Dataset excerpt:
────
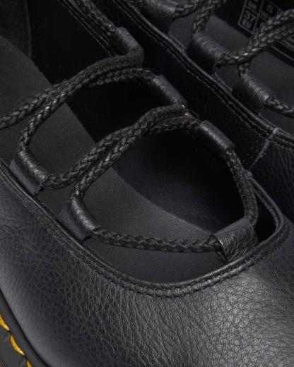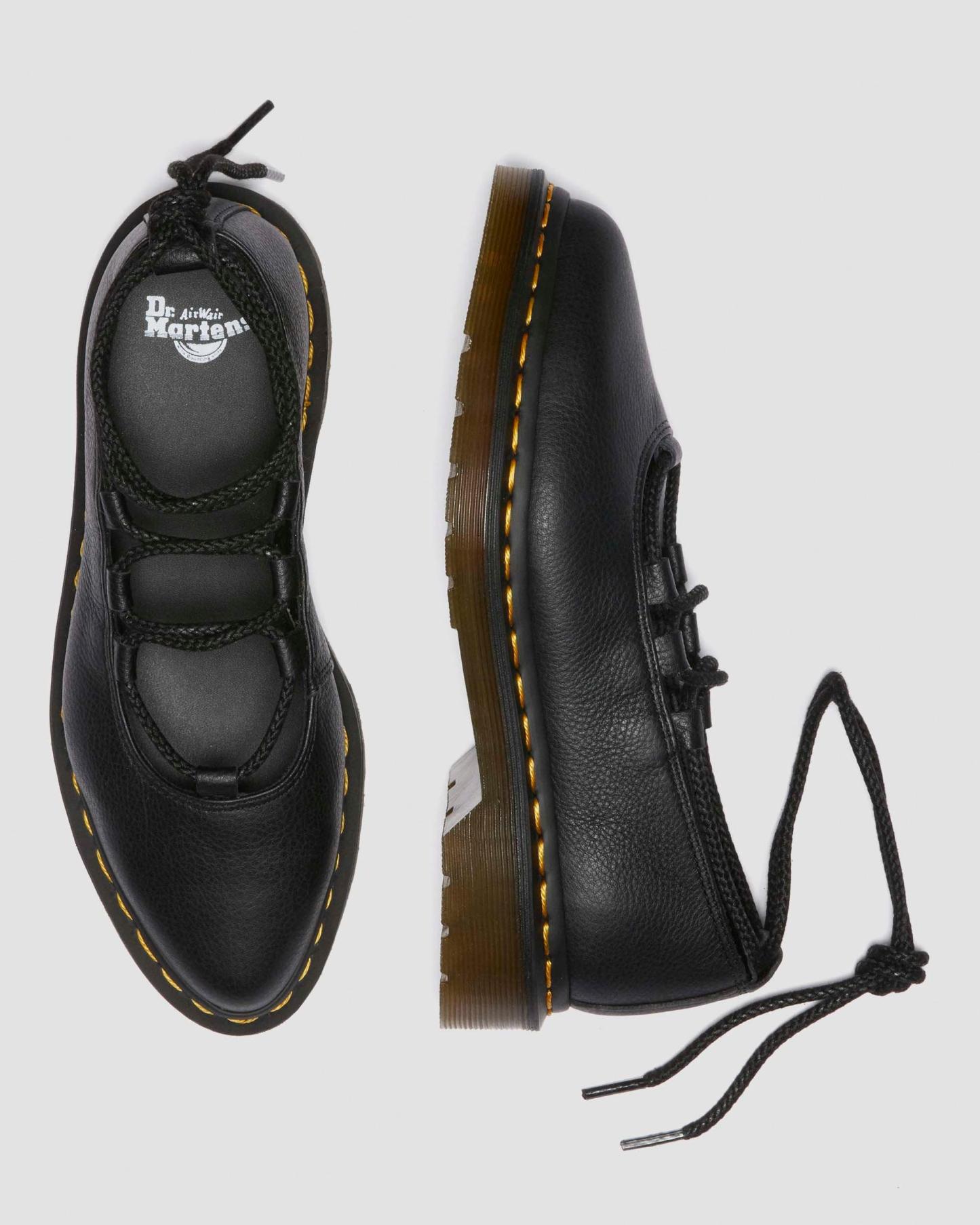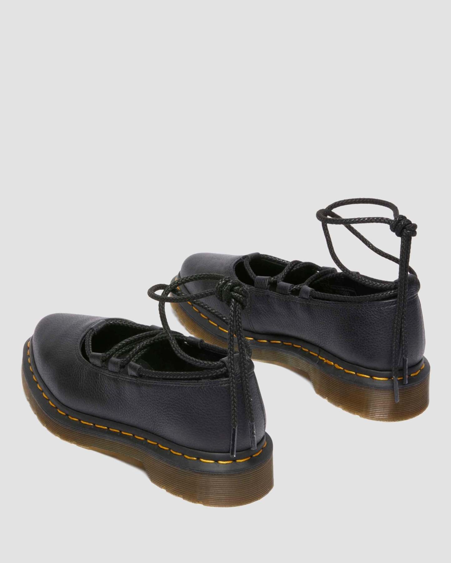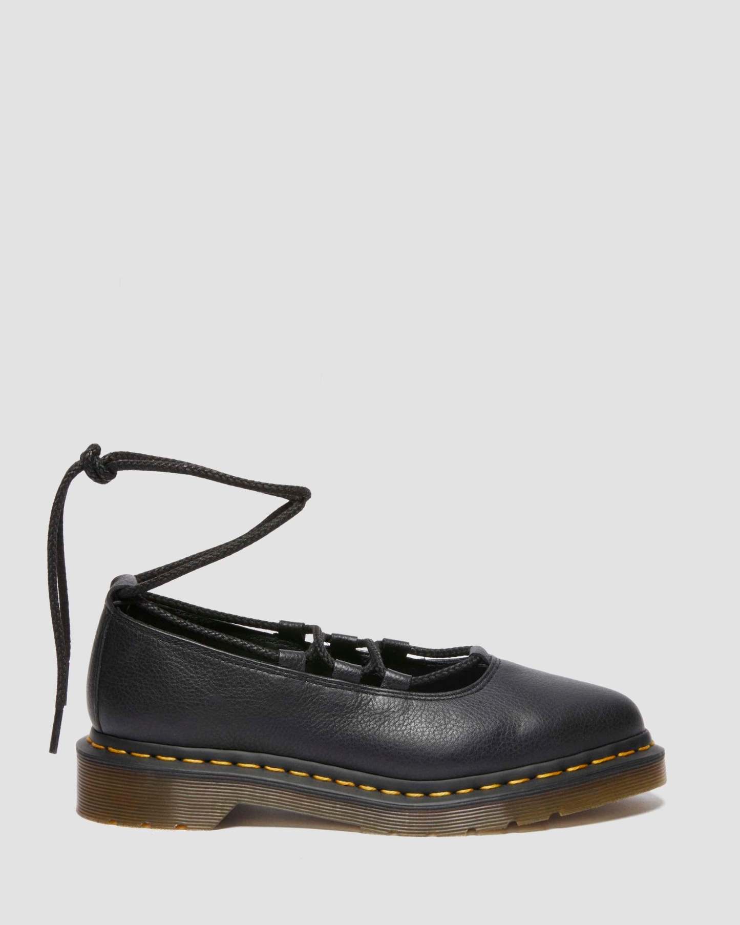 Get to the point. The Elphie ballet flat is our twist on a classic. Less dainty. More Doc��s. A pointed ballet flat shoe made from soft Virginia leather. Fitted with wraparound laces �� easily swapped out for a customised look. The tapered sole is marked with DM��s signature grooving pattern and secured with yellow welt stitching.
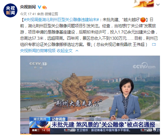 日前,湖北荆州巨型关公雕像问题项目引发关注。经查,当地想打“关公牌”发展旅游,项目申请的是雕像基座建设,后期却未经许可,投入1.7亿余元加建关公像,总高达57.3米,远超限高。四年间,景区总收入不到1300万元……目前,荆州已组织专家论证关公雕像搬移选址方案。(记者 倪晶依 王伟超) 责任编辑:程雪涵 0
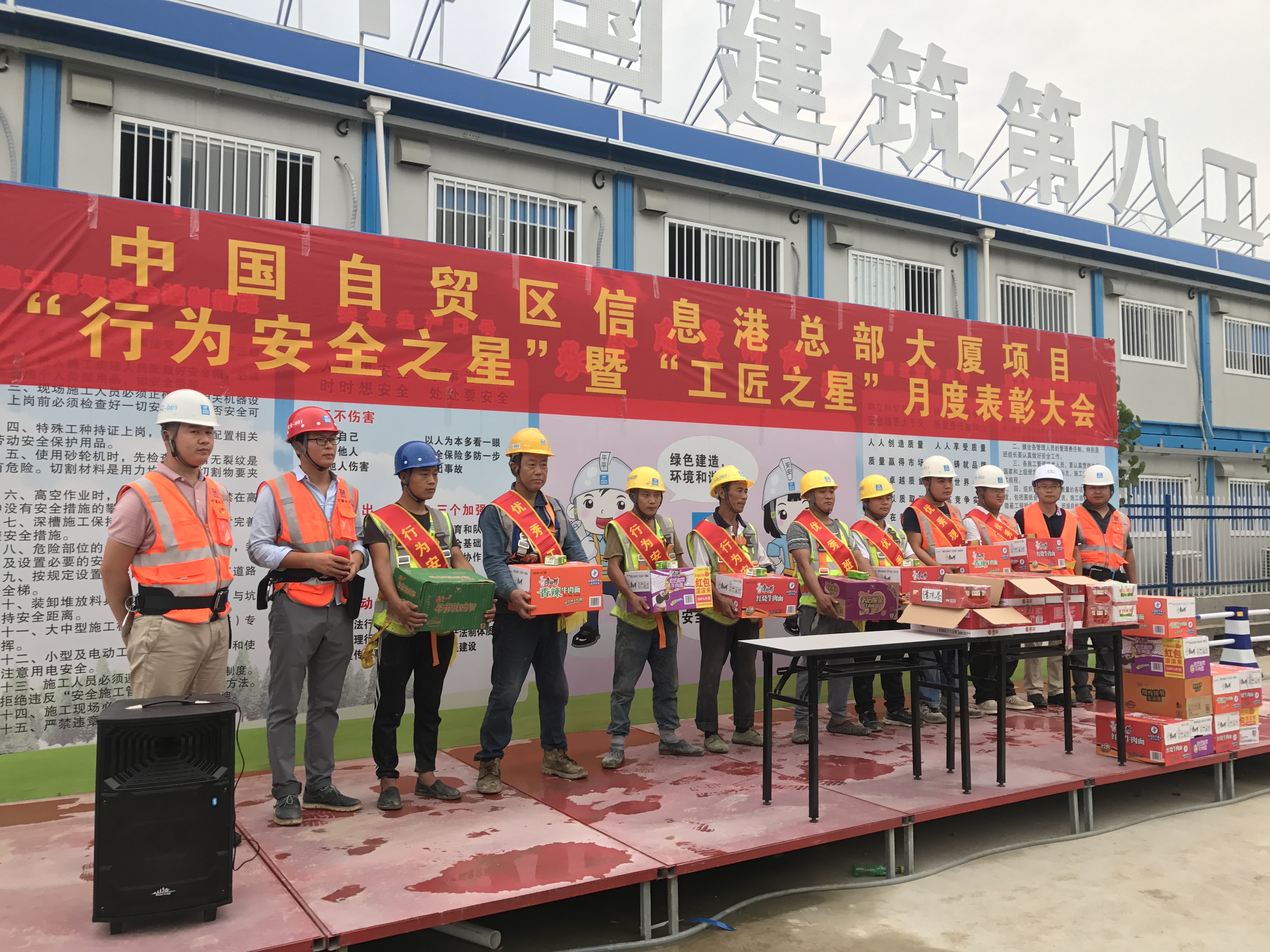 8月26日下午,公司中國自貿(mào)區(qū)信息港總部大廈項(xiàng)目部組織所有管理人員和分包單位管理人員及現(xiàn)場作業(yè)人員,舉行了八月“行為安全之星”暨“工匠之星”表彰大會(huì)。
────
Your assignment: Restate the entire listing word for word, excluding pictures.

Task output:
 Get to the point. The Elphie ballet flat is our twist on a classic. Less dainty. More Doc��s. A pointed ballet flat shoe made from soft Virginia leather. Fitted with wraparound laces �� easily swapped out for a customised look. The tapered sole is marked with DM��s signature grooving pattern and secured with yellow welt stitching.
 日前,湖北荆州巨型关公雕像问题项目引发关注。经查,当地想打“关公牌”发展旅游,项目申请的是雕像基座建设,后期却未经许可,投入1.7亿余元加建关公像,总高达57.3米,远超限高。四年间,景区总收入不到1300万元……目前,荆州已组织专家论证关公雕像搬移选址方案。(记者 倪晶依 王伟超) 责任编辑:程雪涵 0
 8月26日下午,公司中國自貿(mào)區(qū)信息港總部大廈項(xiàng)目部組織所有管理人員和分包單位管理人員及現(xiàn)場作業(yè)人員,舉行了八月“行為安全之星”暨“工匠之星”表彰大會(huì)。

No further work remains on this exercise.